* What this task involves
Restate the listing below word for word, omitting any images.
*** Data section ***
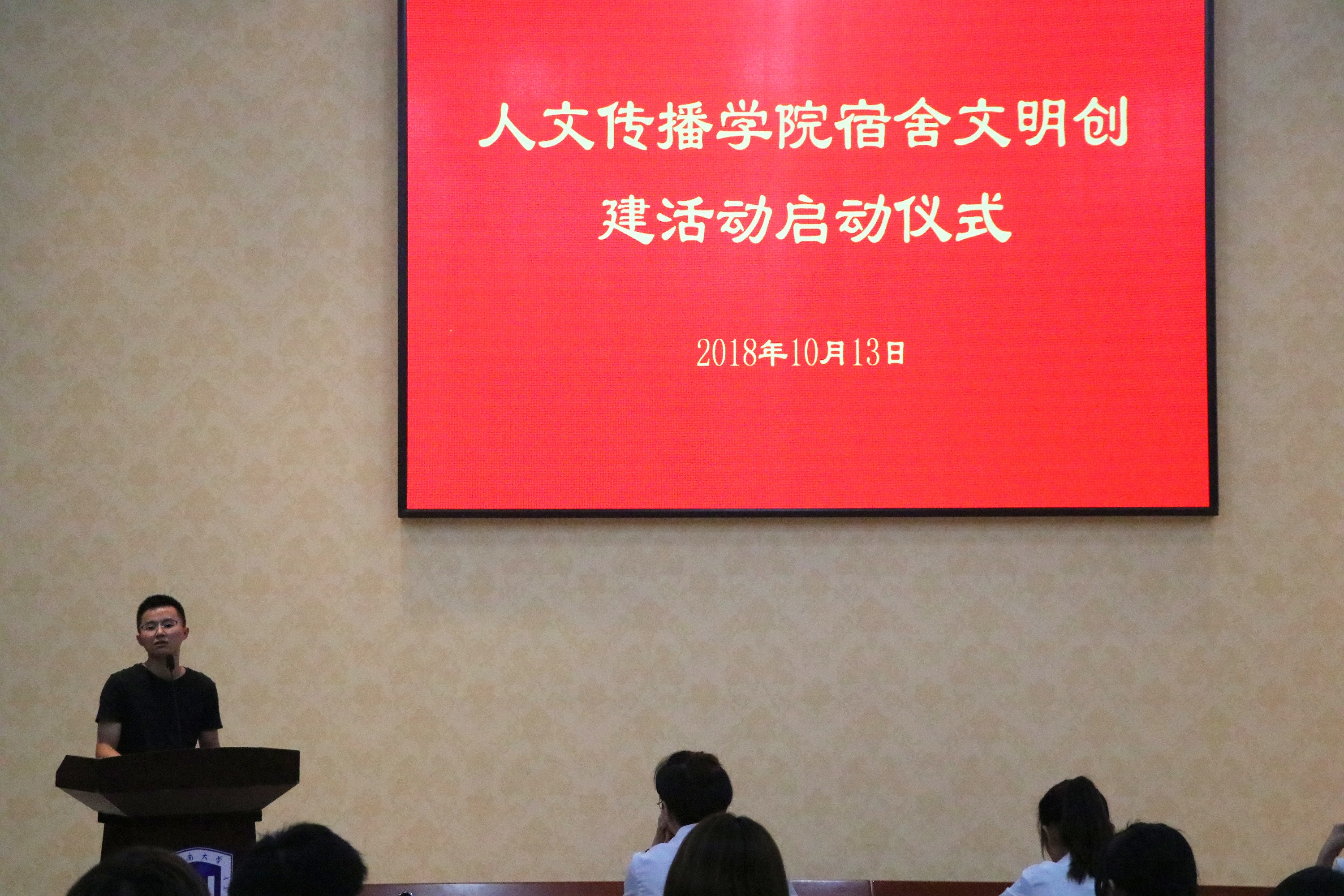 为营造良好的宿舍文化氛围,美化宿舍环境,展现丰富多彩的大学生活,同时为了确保学院宿舍文明创建活动的顺利进行,10月13日晚,人文传播学院2018年宿舍文明创建活动启动仪式,在海甸校区思源学堂多功能厅顺利开展。人文传播学院学工办李润东老师及院团学组织全体成员参加了此次启动仪式。
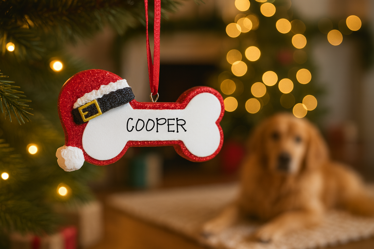 Dog Bowl Holiday Bone Personalized Christmas Ornament
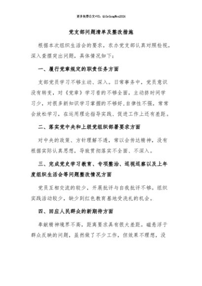 【七哥公文】2024年:党支部问题清单及整改措施+更多免费公文+VX:QiGeGongWen2024
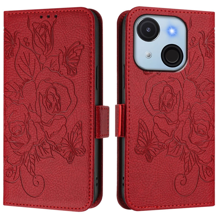 Funda de Cuero Antirrobo RFID con Relieve para Teléfono Itel A50C (Rojo)
*** End of Data section ***
* Reply
 为营造良好的宿舍文化氛围,美化宿舍环境,展现丰富多彩的大学生活,同时为了确保学院宿舍文明创建活动的顺利进行,10月13日晚,人文传播学院2018年宿舍文明创建活动启动仪式,在海甸校区思源学堂多功能厅顺利开展。人文传播学院学工办李润东老师及院团学组织全体成员参加了此次启动仪式。
 Dog Bowl Holiday Bone Personalized Christmas Ornament
 【七哥公文】2024年:党支部问题清单及整改措施+更多免费公文+VX:QiGeGongWen2024
 Funda de Cuero Antirrobo RFID con Relieve para Teléfono Itel A50C (Rojo)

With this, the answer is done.